The paper was published in Scientific Reports in November. UAH teamed with Western Kentucky University, the University of Nebraska, the University of Georgia, the University of Colorado Boulder, Purdue University, NASA’s Marshall Space Flight Center and NASA’s Goddard Space Flight Center to conduct the study.

Scientists used the model with a simulation of a flooding storm over Baton Rouge as a control and then modified the type of land the storm passed over to assess the effect. They modeled three land types: healthy coastal marshland, marshland that had become saturated or turned to open water and coastal land that had been converted mostly to agricultural use.

The ground moisture and vegetative buffering of healthy marsh impede storm intensification but increase rainfall in the model.

“If you want to keep the marsh ecology intact because you don’t want to lose all the other benefits of marshland such as preventing soil erosion and the wildlife and aquatic life benefits, and if you are concerned about how to have less damage from storm winds, then you must keep the wetlands,” says Dr. Udaysankar Nair, UAH associate professor of atmospheric science and the paper’s lead author, whose research was funded by the National Science Foundation.

“When you have a landfalling hurricane, if you have wetlands there, then there is a greater chance that the storm or hurricane will weaken,” Dr. Nair says.

Scientists modeled the effects on the Baton Rouge, La., region by using NASA land surface model data and data from an actual large flooding storm. Study findings, which support preservation and restoration of healthy marshes, may be especially important in Louisiana, which loses the equivalent of a football field of land to water every hour.

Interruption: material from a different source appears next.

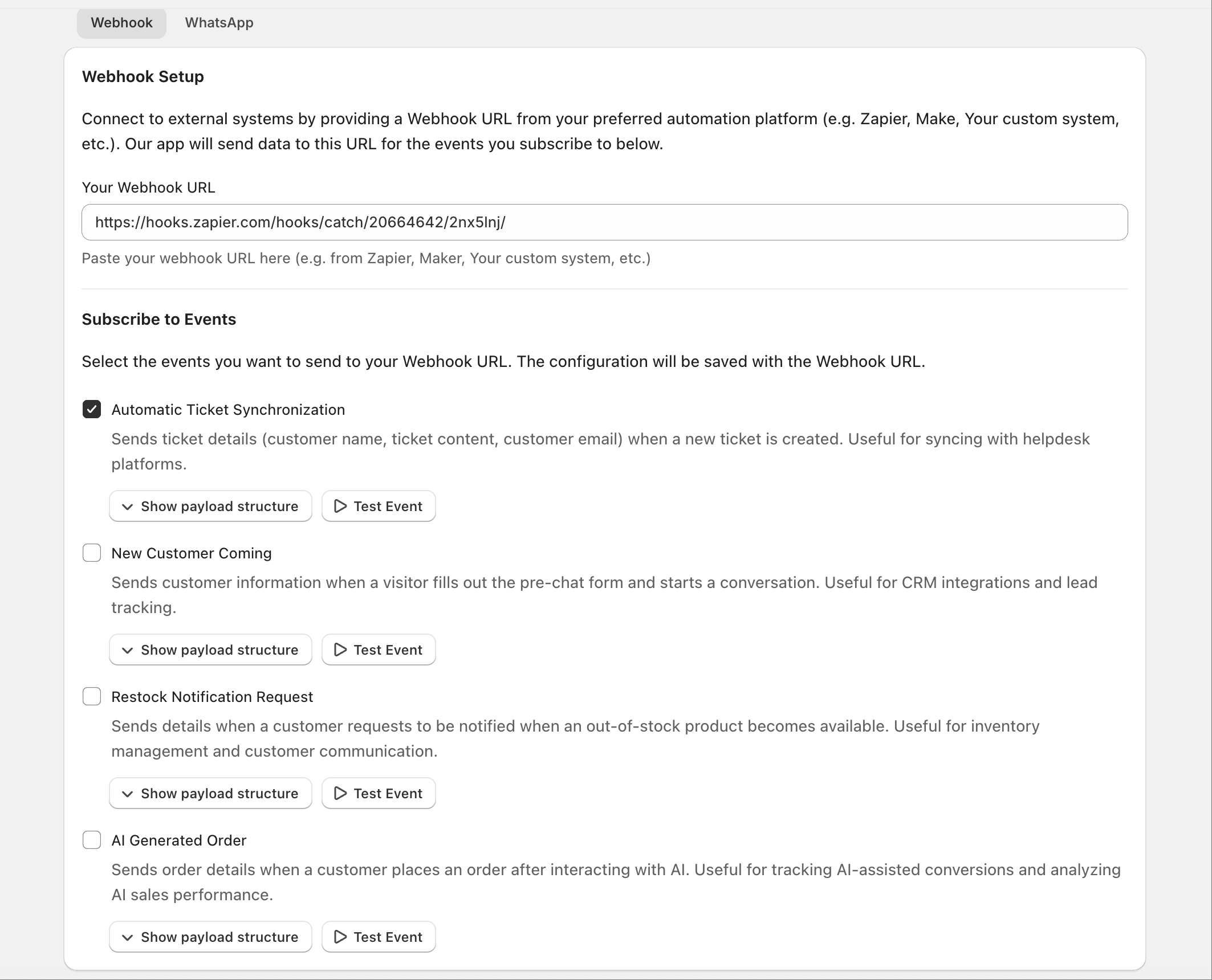 You can complete the webhook setup with simple configurations, requiring no development work. This allows you to integrate HeiChat's events directly into your existing helpdesk ecosystem (like Zendesk, Gorgias, etc.) without leaving your workflow. You can continue to use HeiChat as the primary AI for customer interactions on your Shopify store while managing the outcomes in your central support system.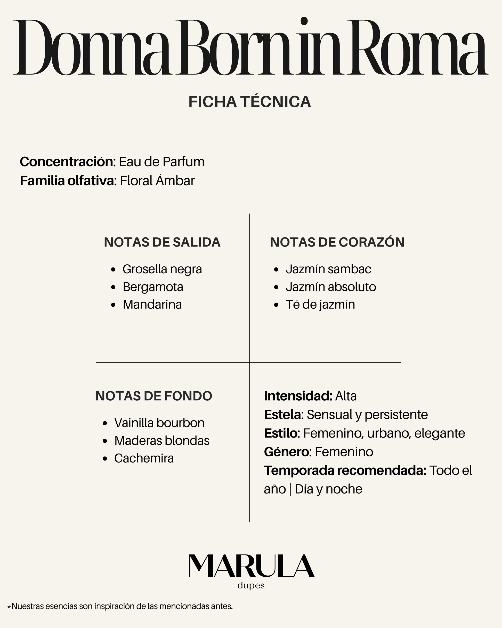 Una fragancia moderna con alma clásica que rinde homenaje a la elegancia rebelde de Roma. La salida vibrante de grosella negra y mandarina da paso a un corazón floral de jazmín, mientras que la base de vainilla bourbon aporta profundidad, calidez y sensualidad. Donna Born in Roma celebra la fuerza femenina con un aroma que es a la vez sofisticado, audaz y profundamente italiano.

Agriculture continues to convert wetland in Louisiana to crop uses, and those practices tend to dry soils. Cut off from a source of water vapor, storms in the model that passed over cropland were less intense and windy. But there’s a tradeoff. Single crop agricultural lands don’t possess the erosion control and biodiversity benefits of marshland, Dr. Nair says.

The combined effect of healthy wetlands transitioning to cropland reduced storm intensity in the model no matter what soil moisture conditions were present.

The research says that if current trends continue, a substantial portion of Louisiana wetlands will transition to open water in coming decades, likely making the studied region even more vulnerable to heavy rain events from future tropical systems.

Marsh that has become super-saturated or has turned to open water, known as a brown ocean, produces the most damaging winds in the model, while at the same time spreading out rainfall. That’s because saturated wetlands or open water continue to feed energy into a hurricane’s system.

Air spirals in toward the eye of a hurricane, and as it does it has a tendency to cool, Dr. Nair says. While the storm is over warm open ocean, over open water resulting from conversion of wetlands, or over the brown ocean of a saturated marsh, the energy from the wet and warm surface offsets the cooling effect with warm humid air and the storm can continue to grow stronger.

“What happens when a hurricane comes ashore is that the land cuts off that source of energy,” Dr. Nair says. “Different forms of land cover affect the storm. What we found out is that it’s not just the water vapor that affects storms.”

The natural vegetation in healthy marsh has more buffering friction than if it has been converted to open water or agriculture, he says.

“If all these marsh regions are instead filled with water, essentially that is like the open ocean coming right to land,” Dr. Nair says. “Then you see more wind and more spread out rain, and more damage out of the storm. The storm will continue to intensify as it comes in.”

The work points to other areas for further study.

“If we do more of these kinds of studies,” Dr. Nair says, “then we can potentially be able to say something about how the patterns of land use change and land management affect landfall in hurricanes.”